Thomas B. Spillane

Retired Partner


Thomas B. Spillane, Jr. is a partner and business lawyer with Foley & Lardner LLP. A seasoned business counselor, his practice focuses on mergers and acquisitions, domestic and international joint ventures, restructuring transactions, bankruptcy acquisitions, executive compensation planning, director representation, project finance transactions and general corporate representation of public and private companies in a variety of industries, including automotive, technology, aerospace, real estate development, energy, casinos and health care.
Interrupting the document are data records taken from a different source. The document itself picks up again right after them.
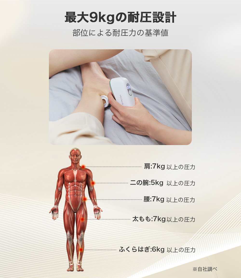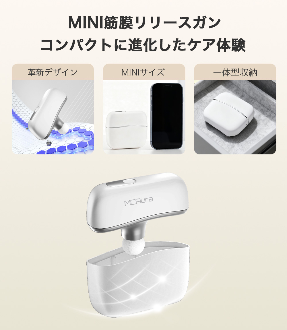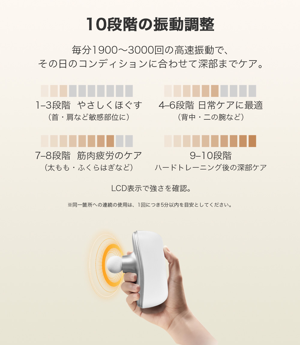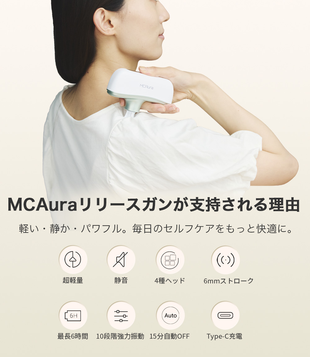 【ワンタッチで簡単操作&安心の安全設計】MCAura 筋膜リリースガンは操作が簡単で、ワンタッチで起動。10段階の振動スピードを搭載し、毎分1900~3000回の振動数をお好みに合わせて細かく調節できます。高精度のスマートセンサーが押圧の強さを感知し、自動で振動強度を調整するため、安心してお使いいただけます。低速はデリケートな部位に適し、高速は運動後の筋肉のリラックスに効果的。さまざまなシーンで幅広くご活用いただけます。軽量コンパクトな設計で、片手でも楽に操作可能。テレビ鑑賞や読書、休憩時間にも気軽に使えて快適です。さらに約15分で自動停止する安全機能を搭載し、初めての方も安心してご利用いただけます。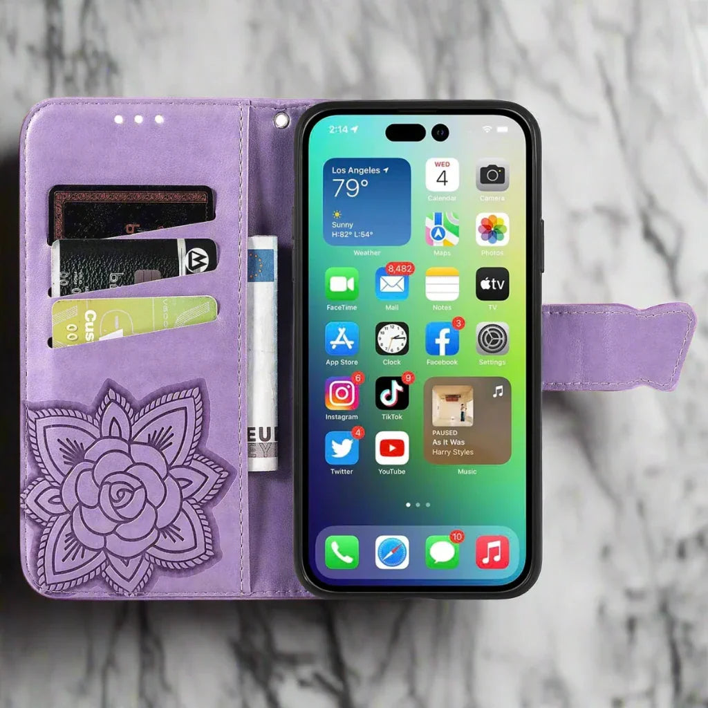 The Embossed Butterfly Leather Case is the perfect blend of elegance and functionality. Featuring a beautifully embossed butterfly design, this case brings a touch of nature-inspired charm to your phone while providing practical benefits.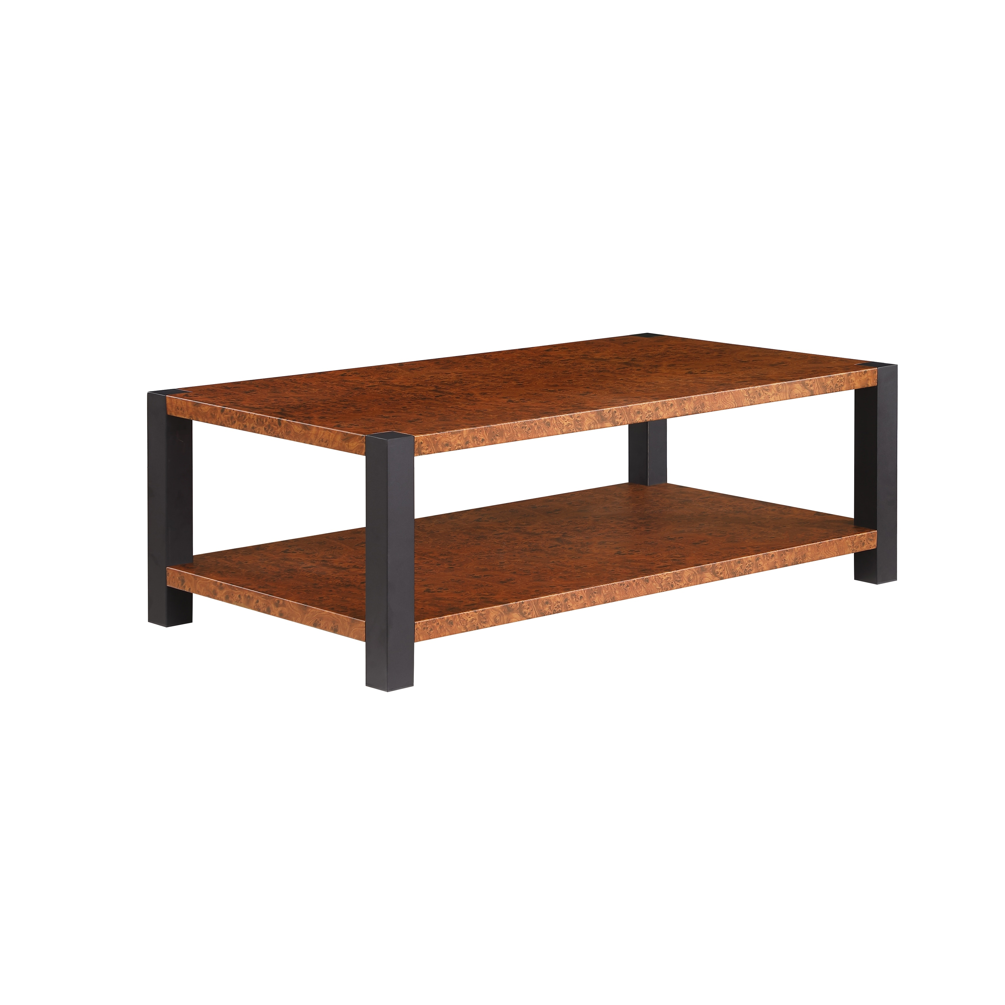55.1" Wood Coffee Table with Black Legs, 2 Open Storage Shelves, Modern Living Room Table
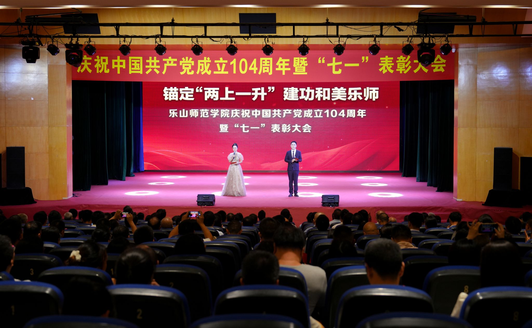本网讯(文图/杨爽)6月27日下午,我校庆祝共产党成立104周年暨“七一”表彰大会在实训楼多功能厅举行。全体校领导,全体处科级干部,师生党支部书记,获奖人员和师生党员代表参加了表彰大会。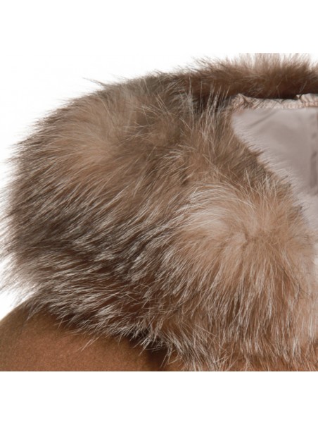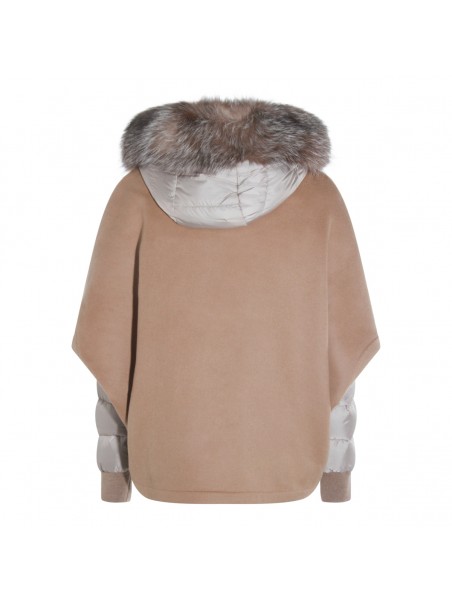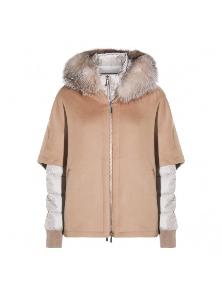 Beige wool down jacket from Moorer featuring long sleeves, hood, zip fastening, fur and regular vestibility.
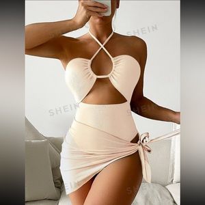 Cut-out Halter One Piece Swimsuit With Beach Skirt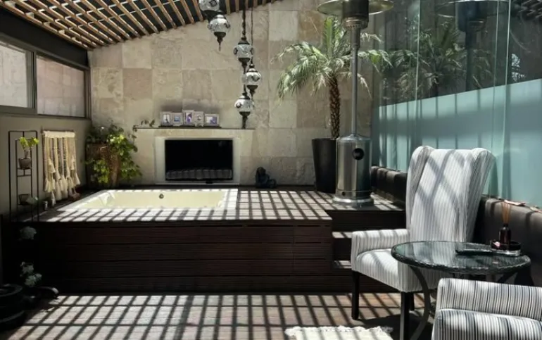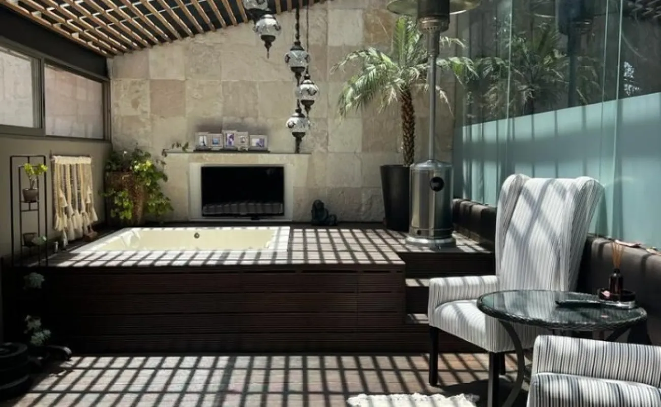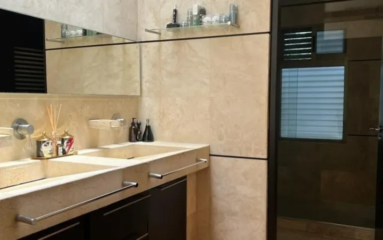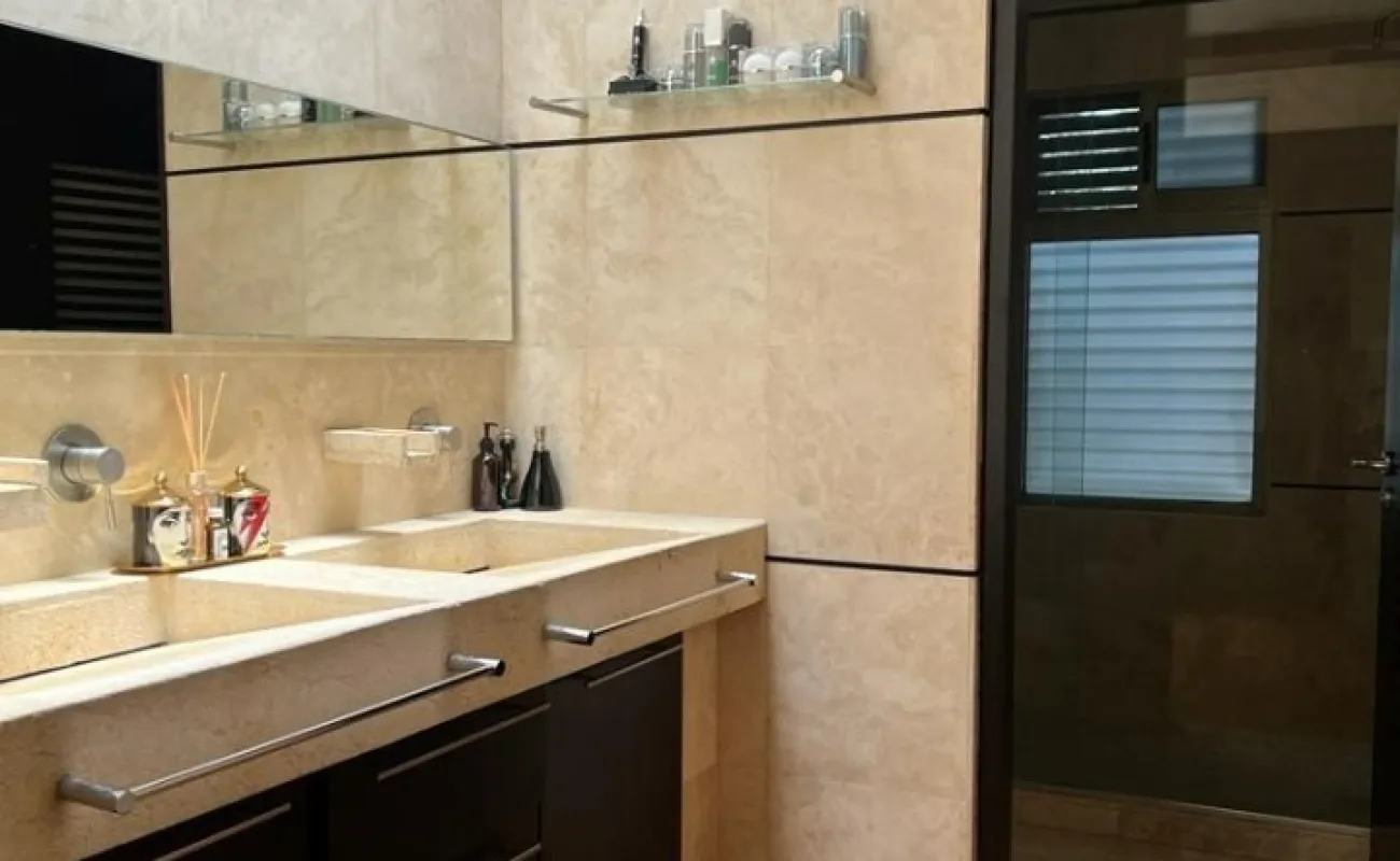 En la planta alta se encuentran las 4 recámaras con vestidor y baño cada una. La principal con sala de TV, chimenea de gas, vestidor muy amplio y terraza con jacuzzi.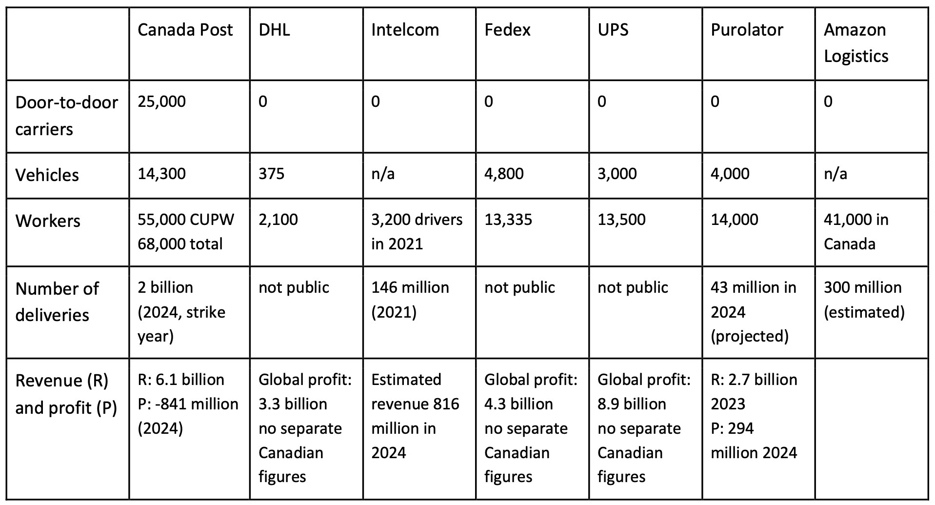 The table below compares a handful of the biggest players in mail and parcel delivery in Canada. We can see right away that Canada Post is the only company providing door-to-door delivery, employing some 25,000 mail carriers. The rest of the companies don’t provide this service as it isn’t profitable. Canada Post owns just under half of the combined delivery fleets of the listed companies, keeping in mind that Intelcom doesn’t disclose the size of its fleet, and employed upwards of 3,200 drivers almost 5 years ago (the last available numbers).
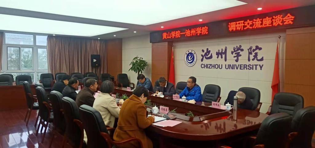 11月25日上午,黄山学院关工委副主任俞跃进、离退休处处长王有青一行四人,来PP电子进行专题调研与交流。校党委副书记崔国发出席座谈会。

Thomas is former co-chair of the firm's Automotive Industry Team, and a member of the Transactional & Securities, Private Equity & Venture Capital and International Practices, as well as the Health Care Industry Team.

Thomas combines years of corporate legal representation along with his background as a certified public accountant at a Big 4 accounting firm, to advise clients on the appropriate structure and tax aspects of acquisitions, divestitures, joint ventures and management incentive compensation plans.

His vast business, transactional and joint venture experience includes the representation of numerous U.S., European and Asian automotive suppliers; private equity funds; real estate developers in commercial, industrial and retail developments; physician practices; senior executives in compensation arrangements and casino operators.

Representative Experience

Representative transactions handled by Thomas include, among other deals:

  • Acquisition of large global Tier 1 automotive supplier, including management of international aspects of transaction
  • Represent private equity funds on U.S. and international automotive transactions 
  • Acquisition of a company in the energy industry representing management and its co-investment with a private equity fund 
  • Sale of global automotive supplier company to a private equity fund 
  • Acquisition of several companies in aerospace and government contractors 
  • Sale of food distribution company 
  • Casino joint venture ($1B), including handling, development, management and licensing matters 
  • Sale of several companies to Chinese buyers 
  • Numerous joint ventures between physicians and hospitals, surgery centers and physician practice management companies 
  • Joint venture for construction of a stadium project 
  • Creation and unwinding of a strategic global joint venture for two large automotive suppliers 
  • Over 150 acquisition, sale and joint venture transactions of companies valued from $10-200 million involving buy-out funds or strategic industry buyers 
  • Numerous private placement offerings to raise equity or debt for a wide range of healthcare, real estate and technology companies 
  • Regularly represents senior executives and management groups in negotiating executive compensation and equity arrangements in acquisitions, divestitures, going private and restructuring transactions


Thomas has been Peer Review Rated as AV Preeminent®, the highest performance rating in Martindale-Hubbell® Peer Review Ratings™ system. He has been selected for inclusion in the 2009 - 2017 Michigan Super Lawyers® lists as well as recognized as one of the Top 100 Michigan Super Lawyers®. He was also selected by his peers for inclusion in The Best Lawyers in America© in the field of Corporate Law (2018-2022).


Thomas earned a bachelor's degree from the University of Michigan and his law degree from Wayne State University.

Admissions and Professional Memberships

Thomas is admitted to practice in Michigan and is a former chairperson of the Business Entities Committee and the Partnership Committee of the State Bar of Michigan. Thomas is a member of the American Bar Association, State Bar of Michigan, the American Institute of CPAs, the Michigan Association of CPAs and the Original Equipment Suppliers Association.

Community Engagement

Thomas serves on the board of directors for Juvenile Diabetes Research Foundation.

Publications and Presentations

Thomas is a frequent author and lecturer on mergers and acquisitions, corporate restructuring, commercial contract matters and executive compensation arrangements.